Изменить размер шрифта - +
Словно раскрылись

человеческие глаза, и они увидели то, что не могло даже присниться: чистые геометрические формы. Не круглый лист, не треугольный камень, а круг

и треугольник - линию и точку в самых разнообразных сочетаниях. И кроме линий простых, двойных, зигзагообразных, изломанных под разными углами,

появились еще и квадраты, овалы и пирамиды. До неузнаваемости изменилась и сама линия. Теперь она падала на мокрую глину пучками, связками,

тончайшим излучением, елочками и крестиками. Вот, вероятно, именно так на горлышке пузатого горшка - сколько же десятков тысячелетий прошло с

той поры? - зародилась под пальцами мастера прекрасная и почти волшебная абстракция орнамента, к которому мы ныне так привыкли, что даже не

замечаем его.
     Под пальцами мастера!
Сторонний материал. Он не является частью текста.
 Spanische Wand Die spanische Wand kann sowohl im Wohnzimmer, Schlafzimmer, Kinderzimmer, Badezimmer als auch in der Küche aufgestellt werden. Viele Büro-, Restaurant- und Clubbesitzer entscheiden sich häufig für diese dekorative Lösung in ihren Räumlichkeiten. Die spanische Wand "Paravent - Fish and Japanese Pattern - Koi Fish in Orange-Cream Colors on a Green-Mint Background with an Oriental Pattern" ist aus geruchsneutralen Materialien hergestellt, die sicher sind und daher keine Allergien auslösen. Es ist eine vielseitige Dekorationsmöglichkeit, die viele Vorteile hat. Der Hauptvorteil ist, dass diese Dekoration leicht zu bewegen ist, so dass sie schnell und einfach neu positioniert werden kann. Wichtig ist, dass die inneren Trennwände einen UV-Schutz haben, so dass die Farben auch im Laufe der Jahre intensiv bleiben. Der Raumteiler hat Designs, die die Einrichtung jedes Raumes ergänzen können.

Я ведь употребил неточное слово. В том-то и дело, что творцом орнамента был не мастер, а мастерица. Не мужчина, а

женщина. По отпечаткам пальцев, что сохранились на стенках посуды, ученые пришли к выводу: посуду лепила женщина. Вероятно, так и должно быть.
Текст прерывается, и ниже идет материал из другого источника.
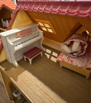 Casa de muñecas Silvanian Families con varias figuras y accesorios. - Incluye casa de dos plantas. - Figuras de conejos y perro. - Mobiliario variado: piano, cama, escritorio, mesa, sillas, baño y cuna.

Всякому свое. Мужчины каждый день видели смерть лицом к лицу, и была она то медведем, то пещерным львом. Орнамент прельщал таких охотников

меньше всего. Вряд ли они понимали даже смысл и красоту всех этих черточек и ямочек. Слишком уж это было мелко и несерьезно, что-то вроде бус и

ожерелья. Мужчины приходили к огню усталые и потные, покрытые своей и чужой кровью. В час отдыха они вырезали на куске кости одиноких мамонтов,

бодающихся бизонов, гигантского оленя с откинутыми рогами. Вырезали они и самих женщин. Даже не вырезали, а высекали из кости и камня так, чтоб

их можно было покрепче зажать в кулак. Это были прекрасные объемные животные с могучими бедрами, с телом, разделенным на круги и треугольники.
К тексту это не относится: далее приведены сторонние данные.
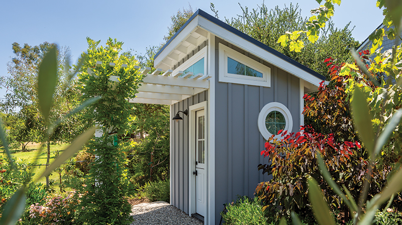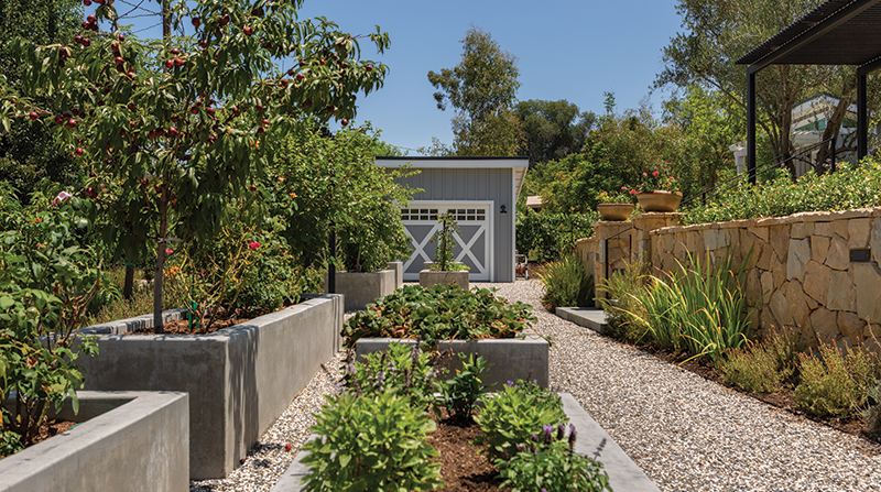A new firepit seating area and outdoor kitchen with a patio of Random Ashlar Bluestone from Cougar Stone were added at the main house level to expand the area for everyday family use. The original pool area and hillside space felt constricted and unused because it was blocked from view by dense Carrotwood Trees (Cupaniopsis anacardiodes) growing immediately off the back of the pool deck. With these trees removed, the upper level has reconnected with the main house. A wooden lattice patio cover and arbors over French doors now visually link this level with the ADU and the existing pool, which was re-tiled and re-plastered, and the spa, which was redesigned to be slightly elevated for easier access.

Даже теперь радостно глядеть на эти каменные цветки - неповторимых палеолитических Венер.
     Вот так и возникло два этих течения - конкретное и абстрактное. Так они и существовали десятки тысячелетий, каждое в своей области, одно на

горлышке сосуда, другое на кости и на стене пещеры, не отрицая и не трогая друг друга.
     Здесь нужно оговориться. Я пишу не об абстрактном искусстве, а об абстракции в искусстве, а это совсем разные вещи. Я убежден, что

современный абстракционизм вырос совсем не из орнамента.
     Первобытный человек - homo primigenius - "человек первородный", как почтительно называет его наука, был существом положительным и реальным.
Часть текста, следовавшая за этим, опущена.